Question

How do you divide \[\dfrac{{4{x^3} - 12{x^2} + 5x + 3}}{{x + 3}}\] ?

Answer 1

Hint: We will take \[x + 3\] as the common term for the polynomial and then solve accordingly to find the quotient and remainder respectively. One can try the long division approach but that may be cumbersome to a first try.

Complete step-by-step solution:
We start with our given polynomial \[4{x^3} - 12{x^2} + 5x + 3\] and take \[x + 3\] common from each of the terms and then settle the terms accordingly.
Take \[(x + 3)\] common from the first term i.e. \[(x + 3)4{x^2}\] so we need to subtract the extra term \[12{x^2}\]
Then, \[(x + 3)(4{x^2} - 12{x^2} - 12{x^2} + 5x + 3)\]
That equals to \[(x + 3)(4{x^2} - 24{x^2} + 5x + 3)\]
Taking \[(x + 3)\]common from the second term,\[ - (x + 3)24x\], so we need to add the extra term \[72x\]
That is, \[(x + 3)4{x^2} - 24x(x + 3) + 72x + 5x + 3\]\[ = (x + 3)4{x^2} - 24x(x + 3) + 77x + 3\]
Again take \[(x + 3)\] common from the third term, \[(x + 3)77\] so we will subtract the extra \[228\]
Therefore finally, \[(x + 3)4{x^2} - 24x(x + 3) + 77(x + 3) - 228\]
\[ = (x + 3)(4{x^2} - 24x + 77) - 228\]
Hence, \[\dfrac{{(x + 3)(4{x^2} - 24x + 77) - 228}}{{x + 3}}\]
\[ \Rightarrow (4{x^2} - 24x + 77) - \dfrac{{228}}{{x + 3}}\]
Then, the remainder is \[ - 228\] and the quotient is\[(4{x^2} - 24x + 77)\].
Additional information: We can also use a polynomial long division method for this kind of problem.
First let us arrange the terms in the decreasing order of their indices (if required). Pen down the missing terms with the coefficients as zero.
Then, for the first term of the quotient, divide the first term of the dividend by the first term of the divisor and then multiply this term of the quotient by the divisor to get the product.
Thereafter, subtract this product from the dividend, and bring down the next term (if any). The difference and the term that is taken down to the bottom from above will form the new dividend. Continue this process until you get a remainder, which can be zero or of a lower index than that of the divisor.

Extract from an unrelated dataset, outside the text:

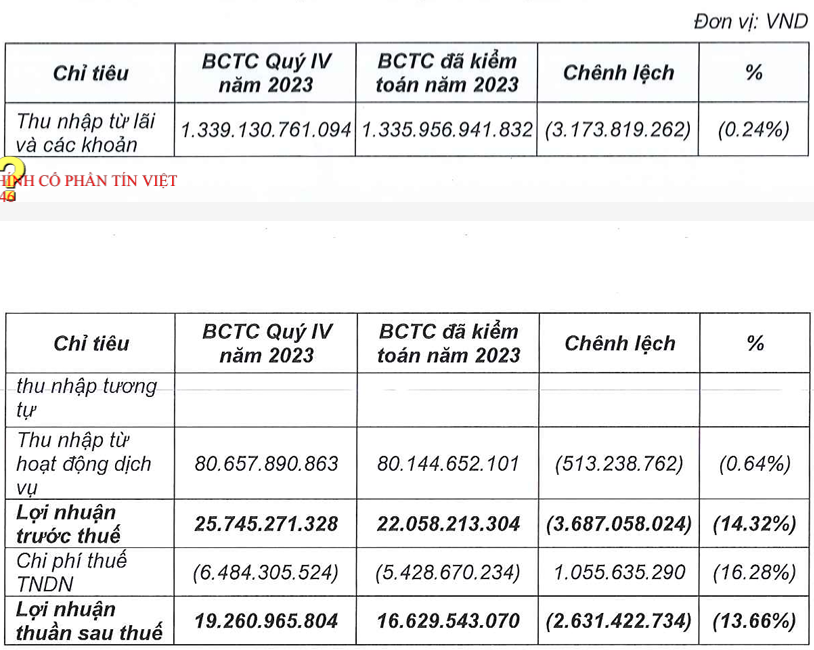Sau những điều chỉnh trên, lợi nhuận sau thuế đã kiểm toán năm 2023 của VietCredit đã giảm 74% so năm 2022.
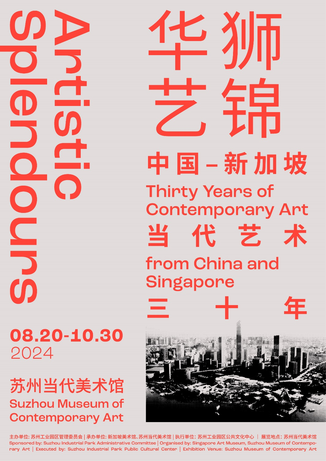 2024年,以献礼苏州工业园区开发建设三十周年为契机,《华狮艺锦——中国新加坡当代艺术三十年》展览在园区金鸡湖畔苏州当代美术馆举办,与三十年前的《狮城艺萃》遥相呼应、再度重逢。中新艺术展进一步为推动中新两国文明的交流互鉴作出新的更大贡献。

Note: Long division method is sometimes clumsy and cumbersome for computation and so the method of taking the common term and then adjusting the polynomial gives an easier approach to us. The common term that is the denominator gets cancelled out after taking common and the remainder remains if not completely divisible.